[Exercise details]:
Entries below include pictures. Output exactly the lines from the one with "It was almost" down to the one with "Картина напечатана на", both ends included, and leave the pictures out.

[Dataset items]
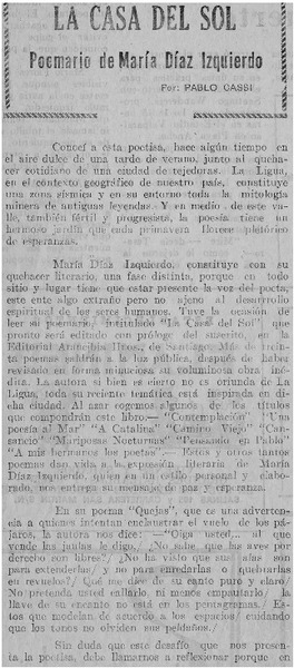 La casa del sol [artículo] Pablo Cassi.
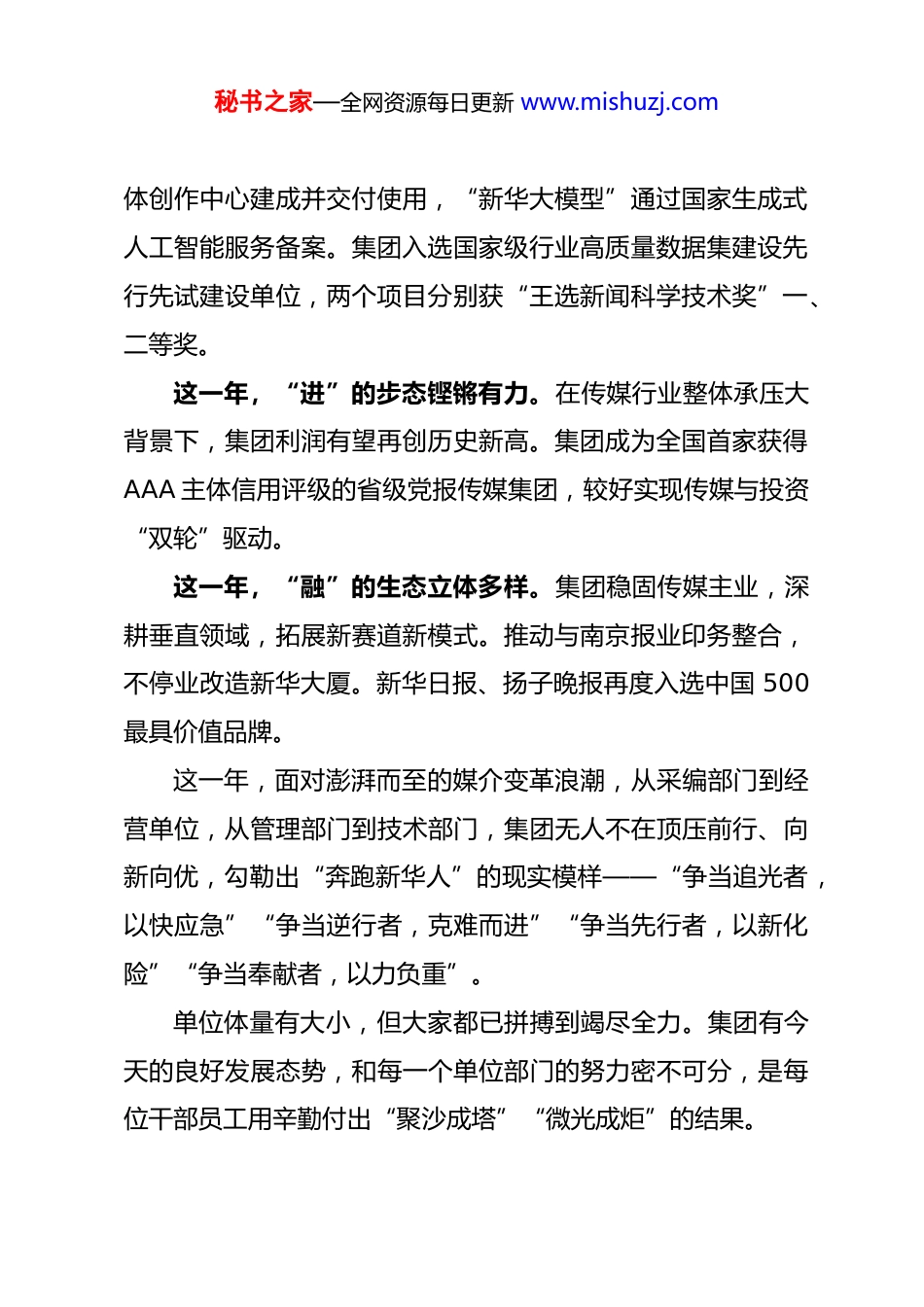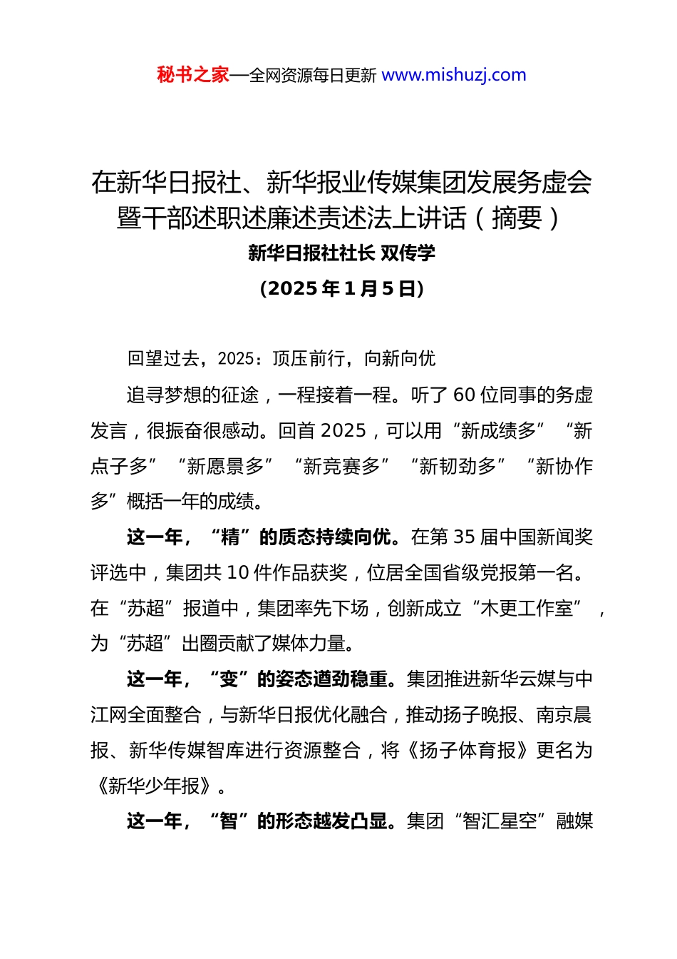 秘书之家—全网资源每日更新 www.mishuzj.com在新华日报社、新华报业传媒集团发展务虚会暨干部述职述廉述责述法上讲话(摘要)新华日报社社长 双传学(2025 年 1 月 5 日)回望过去,2025:顶压前行,向新向优追寻梦想的征途,一程接着一程。听了 60 位同事的务虚发言,很振奋很感动。回首 2025,可以用“新成绩多”“新点子多”“新愿景多”“新竞赛多”“新韧劲多”“新协作多”概括一年的成绩。这一年,“精”的质态持续向优。在第 35 届中国新闻奖评选中,集团共 10 件作品获奖,位居全国省级党报第一名。在“苏超”报道中,集团率先下场,创新成立“木更工作室”,为“苏超”出圈贡献了媒体力量。这一年,“变”的姿态遒劲稳重。集团推进新华云媒与中江网全面整合,与新华日报优化融合,推动扬子晚报、南京晨报、新华传媒智库进行资源整合,将《扬子体育报》更名为《新华少年报》。这一年,“智”的形态越发凸显。集团“智汇星空”融媒秘书之家—全网资源每日更新 www.mishuzj.com体创作中心建成并交付使用,“新华大模型”通过国家生成式人工智能服务备案。集团入选国家级行业高质量数据集建设先行先试建设单位,两个项目分别获“王选新闻科学技术奖”一、二等奖。这一年,“进”的步态铿锵有力。在传媒行业整体承压大背景下,集团利润有望再创历史新高。集团成为全国首家获得AAA 主体信用评级的省级党报传媒集团,较好实现传媒与投资“双轮”驱动。这一年,“融”的生态立体多样。集团稳固传媒主业,深耕垂直领域,拓展新赛道新模式。推动与南京报业印务整合,不停业改造新华大厦。新华日报、扬子晚报再度入选中国 500最具价值品牌。这一年,面对澎湃而至的媒介变革浪潮,从采编部门到经营单位,从管理部门到技术部门,集团无人不在顶压前行、向新向优,勾勒出“奔跑新华人”的现实模样——“争当追光者,以快应急”“争当逆行者,克难而进”“争当先行者,以新化险”“争当奉献者,以力负重”。单位体量有大小,但大家都已拼搏到竭尽全力。集团有今天的良好发展态势,和每一个单位部门的努力密不可分,是每位干部员工用辛勤付出“聚沙成塔”“微光成炬”的结果。秘书之家—全网资源每日更新 www.mishuzj.com总结过去,四个经验:知所从来,方知所往总结经验、把握规律,是集团传承多年的好传统,也是“新华铁军”克难制胜的利器。回顾过去一年,有一些经验值得总结和思考。一是“做好自己的事最重要”。国内发展机遇与挑战并存,风险困难随时都有。其实,从集团到每个单位部门,只要把自己的事做好,就能“风雨不动安如山”,面对这些情况,关键是“把自己的事情解决好”,要有“集中精力办好自己的事”的战略定力。二是“只要思想不滑坡,办法总比困难多”。“拿破仑说过,世界上有两种力量,利剑和思想,利剑总是败在思想之下。”一个干部员工的思想反映了他的思考方法和层次,反映了他的胸襟格局,反映了他能否用全面、辩证、联系的观点看问题,反映了他是否善于用学习成果赋能工作提升。“新华人”身上最可贵的一点是懂得“成就集团就是成就自己”,时时为集团利益着想、为集团荣誉而战,这种宝贵精神值得保护和发扬。三是“一把手很重要、很珍贵”。兵熊熊一个,将熊熊一窝,一家单位精气神怎么样,关键看一把手。集团高度重视一把手的选聘,坚持唯才是举、选贤任能、公平公正。集团绝大秘书之家—全网资源每日更新 www.mishuzj.com多数单位部门一把手能力、品质、敬业精神都较好,这是集团取得可观成绩的关键因子。四是“上下同欲者胜,风雨同舟者兴”。这次务虚会上,不少单位部门负责人‘晒’出自己的团队小伙伴,这让人很温暖、很高兴。心往一处想、劲往一处使,团队就有战无不胜的可能。对于团队管理者而言,能吃苦能吃亏,凡事皆可为;能干事能共事,才能成大事。锚定未来,2026:以“强基拓新”引领“十五五”起步开局从‘十四五’开局的 2021 年到集团百年党报愿景实现的2038 年,一共 17 年时间,可以将其比作一场长跑。“十四五”时期的五年,是集团的“起步跑”,大家跑得很踏实。从“十五五”时期开始,集团进入“途中跑”阶段,...
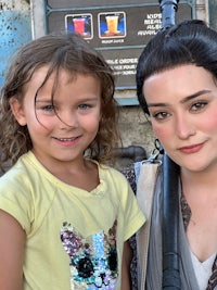 It was almost 6:00 pm, and we were getting hungry. I had been looking forward to themed dining since we started, so the Star Wars “Docking Bay 7: Food and Cargo was a great option. Before we entered, Mika got a chance to meet Rey Skywalker and have a conversation with her. She asked Mika if she would be a pilot, and Mika said she couldn’t drive yet. It was a fun encounter.
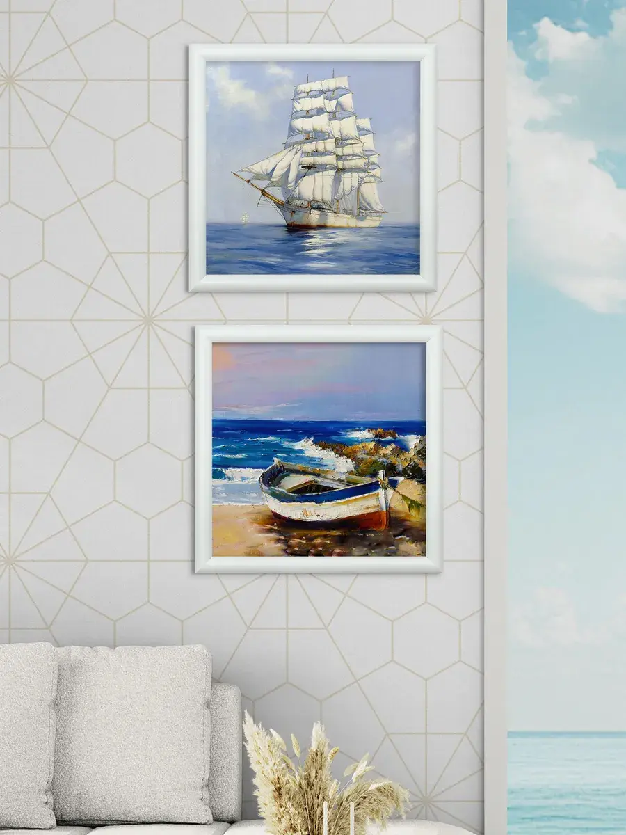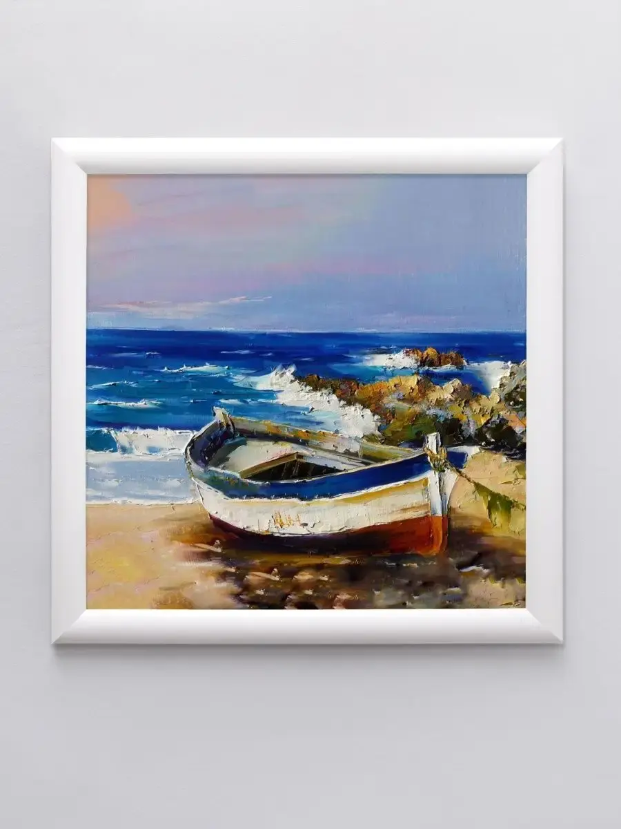 Картина напечатана на натуральном холсте, покрыта матовым лаком. Основа из ХДФ, что исключает провисание холста. Багетная рама из полиуретана матовая белая, с круглым профилем. Крепление для стены в комплекте.
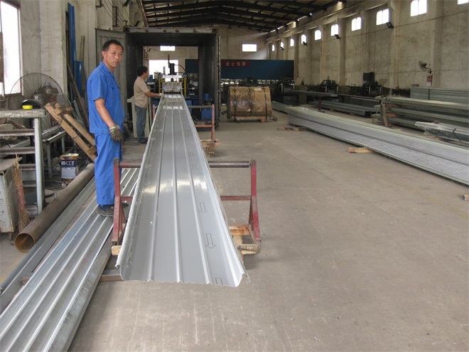 永州YX65/430直立鎖邊鋁鎂錳板生產(chǎn)實拍 板長18m
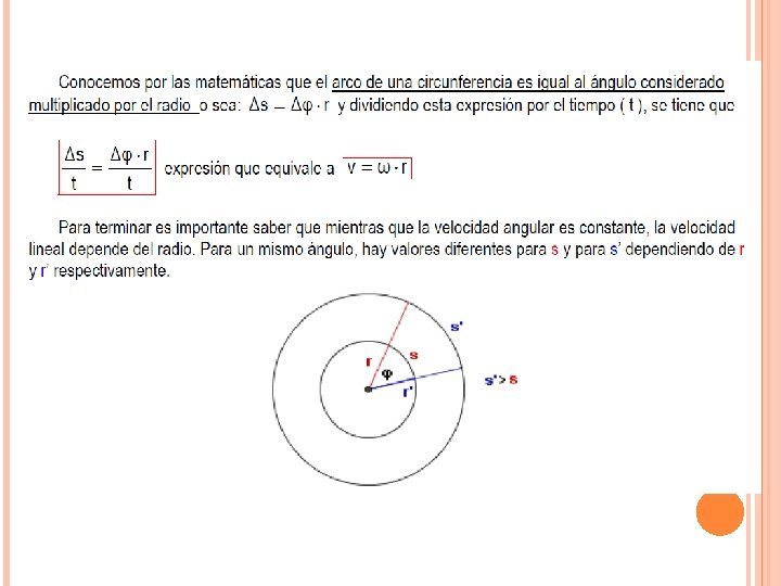 ¿Qué tipo de descripción movimiento circular? puede hacerse de un Si nos fijamos bien, cuando un objeto se mueve en forma circular, por un lado está moviéndose a lo largo de un arco de la circunferencia y por otro lado está recorriendo ángulos. Si el movimiento se describe respecto al arco descrito por el objeto, se habla de velocidad lineal o tangencial (v). Si el movimiento se describe respecto al ángulo descrito por el radio de la circunferencia descrita, que une el centro del objeto con el centro de la circunferencia, se habla de velocidad angular (ω)
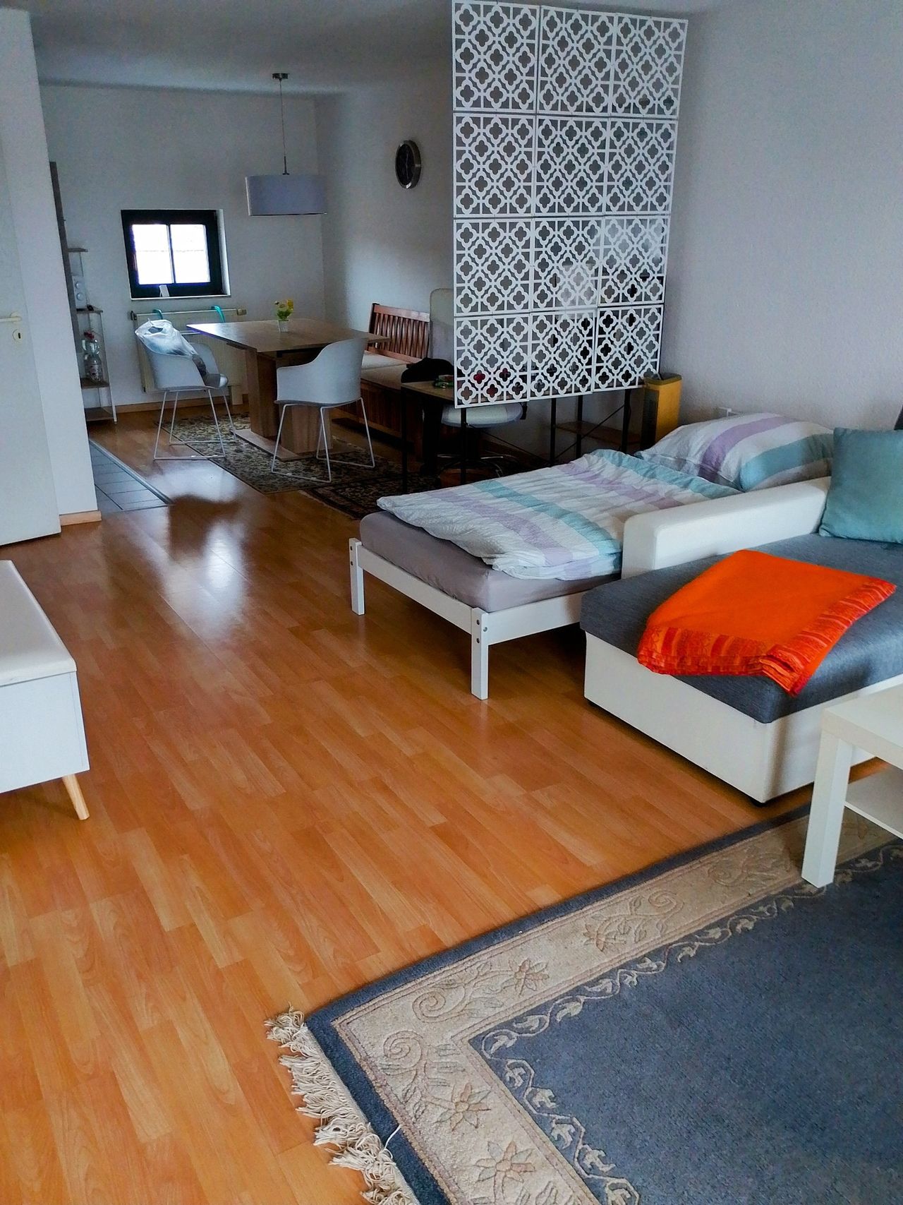 The open floor plan provides plenty of space. The bathroom is stylish and equipped with a new washing machine, the entire furnishings are absolutely contemporary. For example, a SONY flatscreen TV is a matter of course. The atmosphere is designed to make you feel completely at ease and really at home.

[Answer to this exercise]:
 It was almost 6:00 pm, and we were getting hungry. I had been looking forward to themed dining since we started, so the Star Wars “Docking Bay 7: Food and Cargo was a great option. Before we entered, Mika got a chance to meet Rey Skywalker and have a conversation with her. She asked Mika if she would be a pilot, and Mika said she couldn’t drive yet. It was a fun encounter.
 Картина напечатана на натуральном холсте, покрыта матовым лаком. Основа из ХДФ, что исключает провисание холста. Багетная рама из полиуретана матовая белая, с круглым профилем. Крепление для стены в комплекте.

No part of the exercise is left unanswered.